§ **Exercise objective**: The reply must consist of the complete listing, reproduced exactly, with no images included.

───── Dataset section ─────

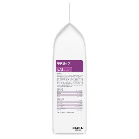 ・ヨウ素を他の食物(おやつや他のペットフードなど)から摂取すると低ヨウ素食の製品特性を損ないます。獣医師の指導に従ってy/dだけの食事を与えることが大切です。
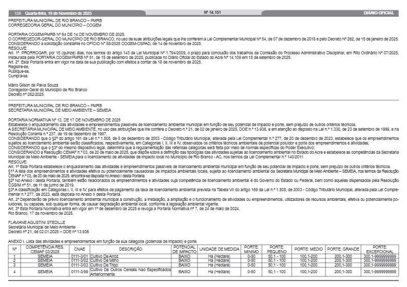 A partir do dia 1º de dezembro, começam a valer as novas regras para o licenciamento ambiental em Rio Branco. O Decreto Municipal, publicado pela Prefeitura, estabelece o enquadramento das atividades e empreendimentos que passam a ser obrigados a se adequar às novas normativas. O objetivo é garantir que construções e usos com potencial de impacto ambiental sigam critérios técnicos atualizados, prevenindo danos ao meio ambiente e evitando prejuízos futuros aos próprios empreendedores.
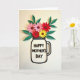 Designed with a layered paper-craft look, the card centers on a stylized jar shown as a white shape with strong black outlines and a simple handle. From the jar’s opening, a bouquet of bright blossoms rises like a shared gift, suggesting closeness in the way the flowers cluster together ❤️. The petals mix fuchsia, rose-pink, and sunny yellow, each with a textured crimson-brown center that adds depth. Emerald green leaves tuck around the blooms, guiding the eye upward and outward like an embracing frame. Across the front of the jar, the text “HAPPY MOTHER’S DAY” sits in raised black letters, centered and easy to read. Soft, even lighting creates gentle shadows along the overlapping petals and leaves, giving the arrangement a cozy, touchable feel 🌼. The background stays simple so the jar and bouquet stand out, with the black outlines sharply defining the edges against the white space. The jar’s black outline and handle are crisp, and the flower centers appear as small, dark reddish-brown circles.
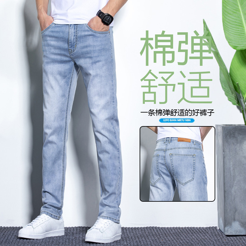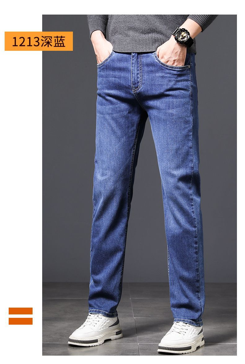 신상품 플리스 블루 진 남성용 가을 겨울 슬림핏 스트레이트 팬츠 신축성 고급 캐주얼 긴바지 남성용스토어 가기

─────

§ **Expected answer**:
 ・ヨウ素を他の食物(おやつや他のペットフードなど)から摂取すると低ヨウ素食の製品特性を損ないます。獣医師の指導に従ってy/dだけの食事を与えることが大切です。
 A partir do dia 1º de dezembro, começam a valer as novas regras para o licenciamento ambiental em Rio Branco. O Decreto Municipal, publicado pela Prefeitura, estabelece o enquadramento das atividades e empreendimentos que passam a ser obrigados a se adequar às novas normativas. O objetivo é garantir que construções e usos com potencial de impacto ambiental sigam critérios técnicos atualizados, prevenindo danos ao meio ambiente e evitando prejuízos futuros aos próprios empreendedores.
 Designed with a layered paper-craft look, the card centers on a stylized jar shown as a white shape with strong black outlines and a simple handle. From the jar’s opening, a bouquet of bright blossoms rises like a shared gift, suggesting closeness in the way the flowers cluster together ❤️. The petals mix fuchsia, rose-pink, and sunny yellow, each with a textured crimson-brown center that adds depth. Emerald green leaves tuck around the blooms, guiding the eye upward and outward like an embracing frame. Across the front of the jar, the text “HAPPY MOTHER’S DAY” sits in raised black letters, centered and easy to read. Soft, even lighting creates gentle shadows along the overlapping petals and leaves, giving the arrangement a cozy, touchable feel 🌼. The background stays simple so the jar and bouquet stand out, with the black outlines sharply defining the edges against the white space. The jar’s black outline and handle are crisp, and the flower centers appear as small, dark reddish-brown circles.
 신상품 플리스 블루 진 남성용 가을 겨울 슬림핏 스트레이트 팬츠 신축성 고급 캐주얼 긴바지 남성용스토어 가기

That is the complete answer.